Richard V Reeves
Born Identities
Generations: Does When You’re Born Shape Who You Are?
By Bobby Duffy
Atlantic Books 328pp £20
‘This is the book of the generations of Adam.’ So begins the fifth chapter of Genesis, and it lives up to the billing. Starting with Adam, who ‘begat a son in his own likeness, and in his own image, Seth’, the chapter describes the generations onwards – through Enos, Cainan, Mahalalel, Jared, Enoch, Methuselah and Lamech – all the way down to Noah, ‘who begat Shem, Ham, and Japheth’.

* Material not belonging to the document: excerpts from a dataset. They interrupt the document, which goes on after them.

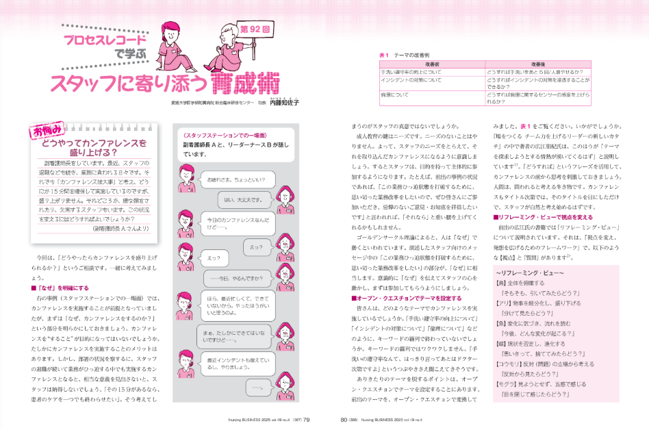 今回ご紹介するのは、Nursing BUSINESSの連載『どうやってカンファレンスを盛り上げる?』(2025年4月号)です。著者は、看護教育やシミュレーション教育を通じて指導者の育成に取り組んでいる、内藤知佐子氏です。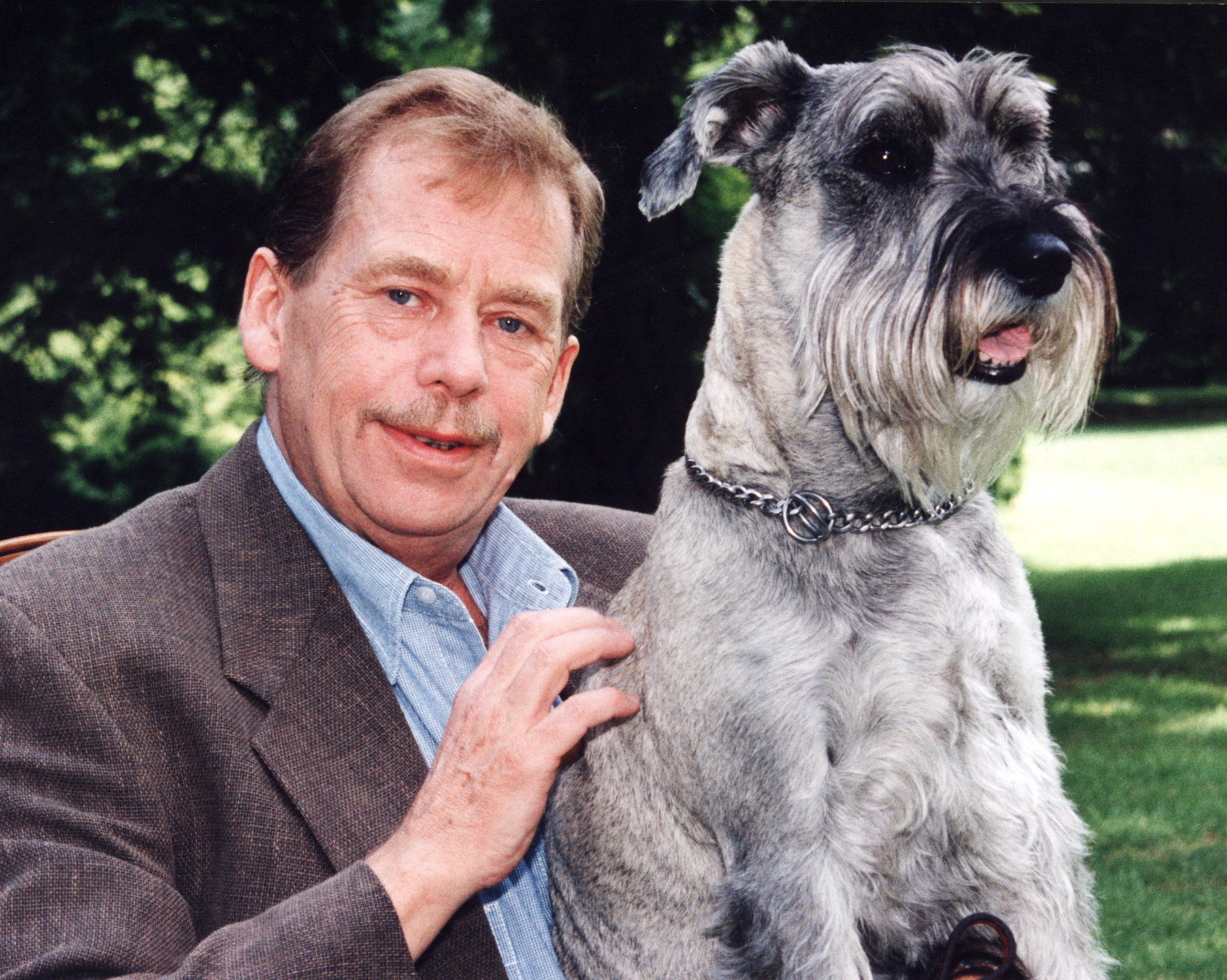 Václav Havel 1997-ben Gyula névre hallgató foxterrierjével, akit Horn Gyula magyar miniszterelnöktől kapott ajándékba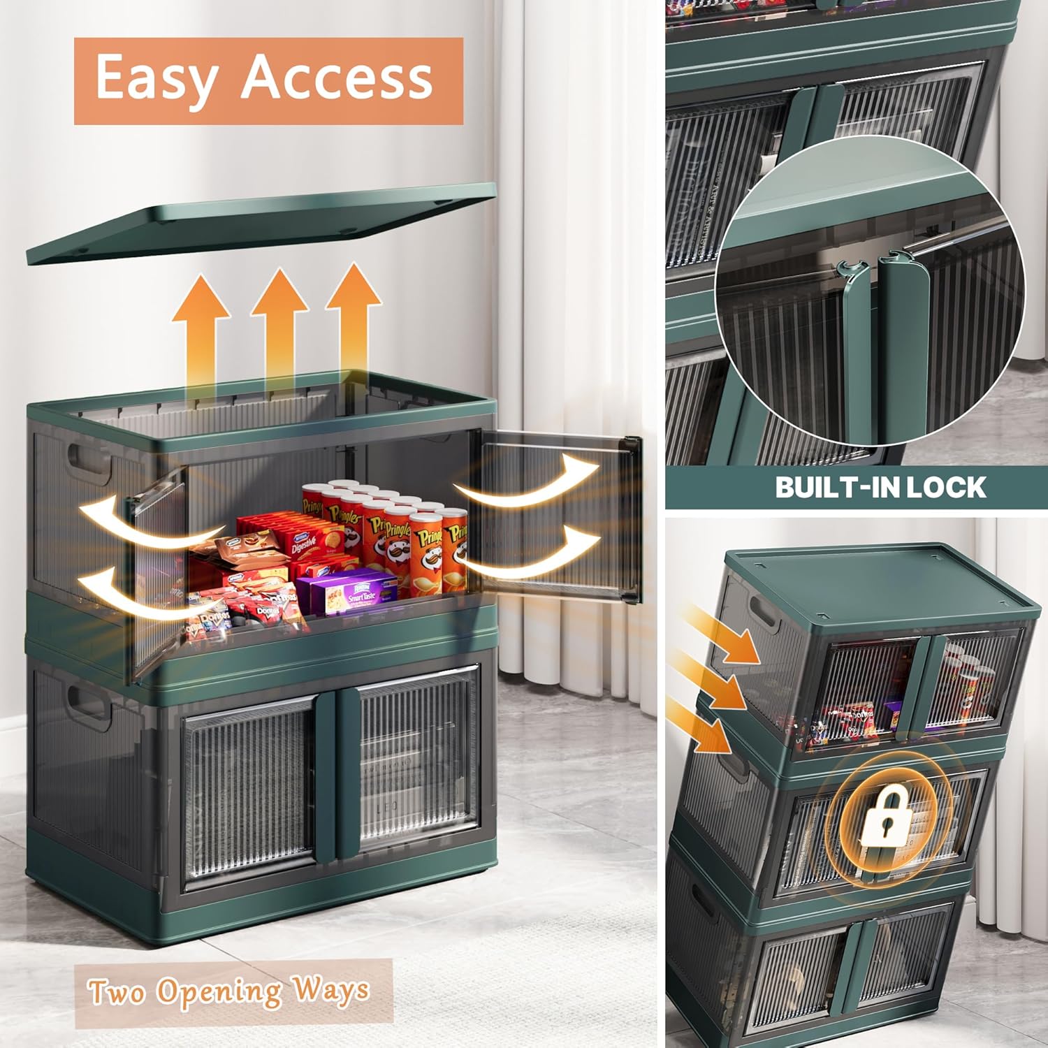 - Quick Access & Security: Clear doors let you see contents instantly, open-front design allows effortless item retrieval. Additionally, the built-in lock clasp prevents accidental opening during transport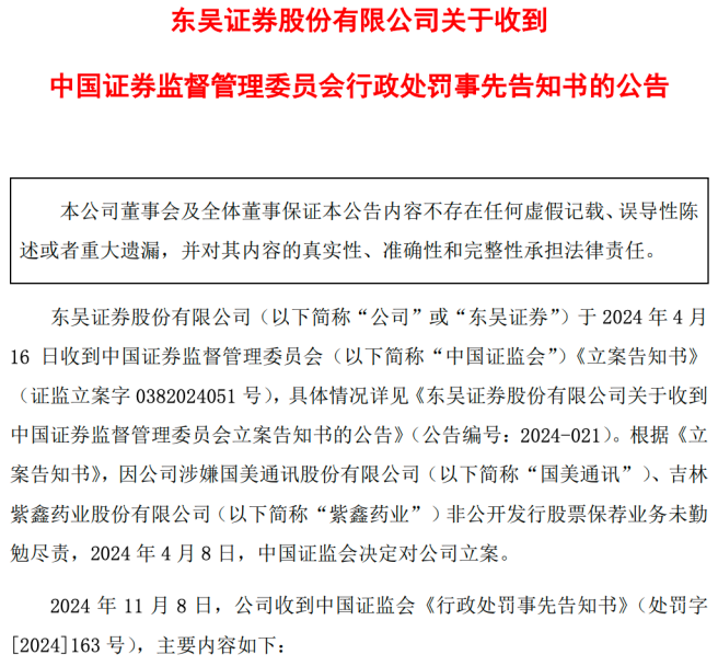 11月8日晚间,东吴证券公告称收到来自监管的《行政处罚事先告知书》。中国证监会已对相关案情调查完毕,拟对该公司涉嫌国美通讯、紫鑫药业的非公开发行股票保荐业务未勤勉尽责,依法作出行政处罚。

‘Begetting’ is a fusty old verb. Nowadays we just talk about having children. But there is something primal about the desire to see ourselves in a human chain stretching from past to future; reproduction is, after all, sort of the whole point. Few of us formally worship our ancestors, but most of us want to know about them, especially as we get closer to ancestral status ourselves. Look at the thirst for genealogy and, more recently, genetic history. Perhaps, in a secular age, understanding our own book of generations is solace for the transience of our lives.
‘Generational perspectives are powerful because they are interwoven with the fundamentals of human existence and societal change,’ writes Bobby Duffy in Generations. ‘While individuals are born, live and die, society flows on, changed a little or a lot by our cohort’s presence and then its absence.’